EXERCISE GOAL:
Images are not wanted; transcribe the rest of the listing exactly.

SOURCE DATA:
• • • • •
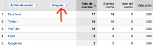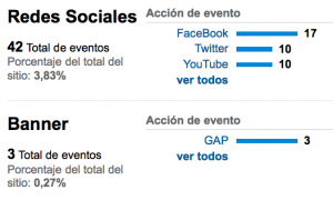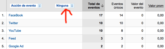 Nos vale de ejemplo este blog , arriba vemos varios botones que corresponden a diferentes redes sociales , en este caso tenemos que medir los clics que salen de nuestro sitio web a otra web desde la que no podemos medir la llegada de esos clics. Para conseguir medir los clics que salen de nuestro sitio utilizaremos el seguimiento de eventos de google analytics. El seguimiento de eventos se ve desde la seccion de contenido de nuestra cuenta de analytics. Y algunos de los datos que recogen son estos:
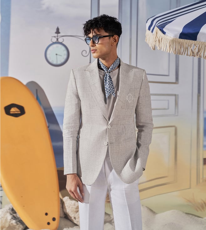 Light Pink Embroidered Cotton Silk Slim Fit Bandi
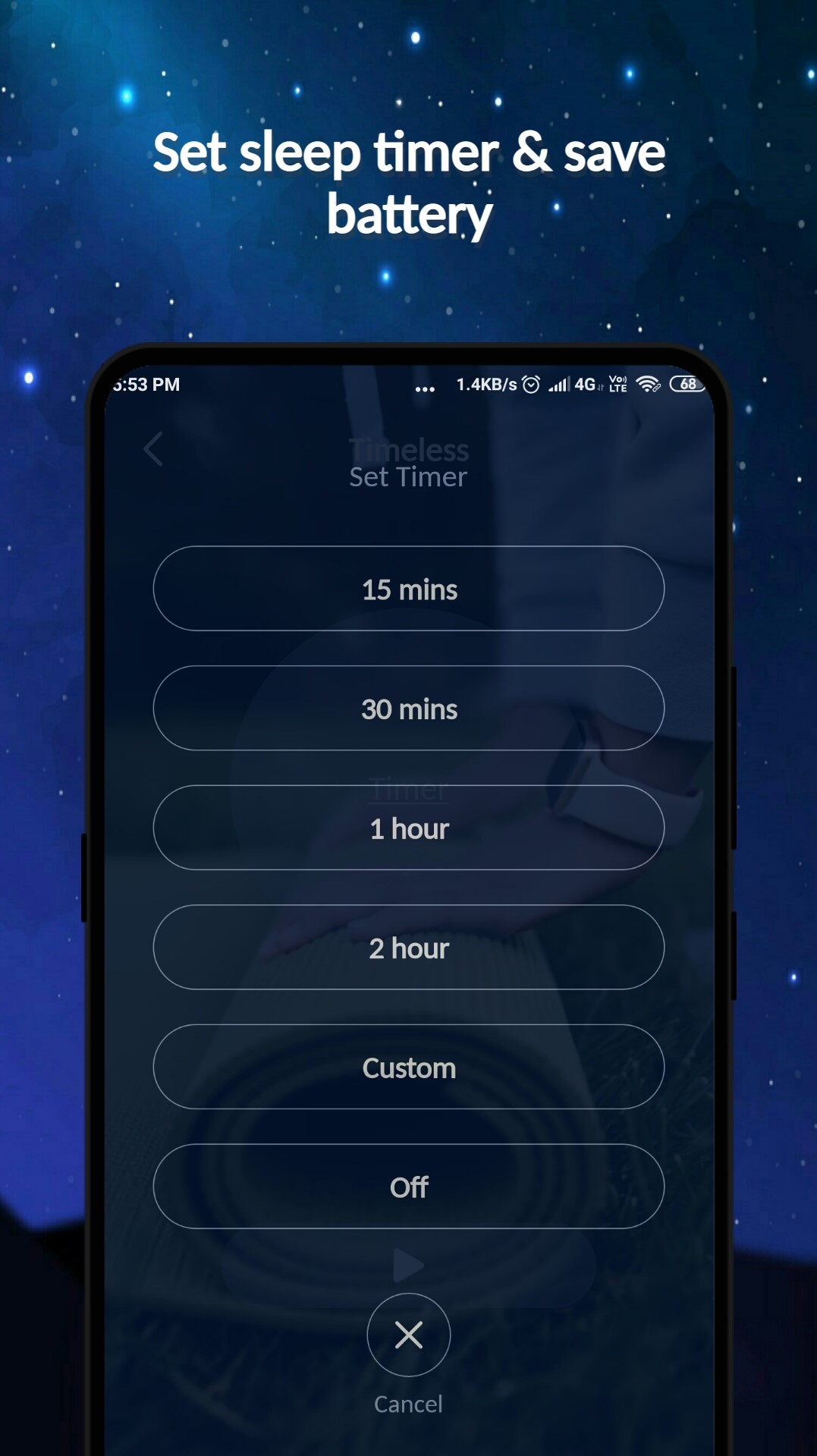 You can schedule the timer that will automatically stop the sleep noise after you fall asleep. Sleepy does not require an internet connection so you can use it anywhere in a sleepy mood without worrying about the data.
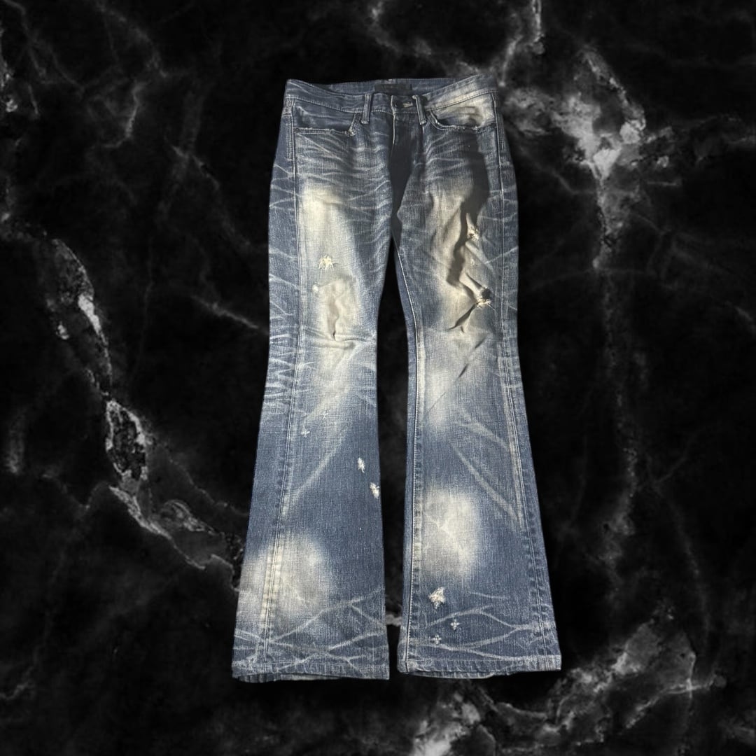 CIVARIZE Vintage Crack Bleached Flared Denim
• • • • •
YOUR RESPONSE:
 Nos vale de ejemplo este blog , arriba vemos varios botones que corresponden a diferentes redes sociales , en este caso tenemos que medir los clics que salen de nuestro sitio web a otra web desde la que no podemos medir la llegada de esos clics. Para conseguir medir los clics que salen de nuestro sitio utilizaremos el seguimiento de eventos de google analytics. El seguimiento de eventos se ve desde la seccion de contenido de nuestra cuenta de analytics. Y algunos de los datos que recogen son estos:
 Light Pink Embroidered Cotton Silk Slim Fit Bandi
 You can schedule the timer that will automatically stop the sleep noise after you fall asleep. Sleepy does not require an internet connection so you can use it anywhere in a sleepy mood without worrying about the data.
 CIVARIZE Vintage Crack Bleached Flared Denim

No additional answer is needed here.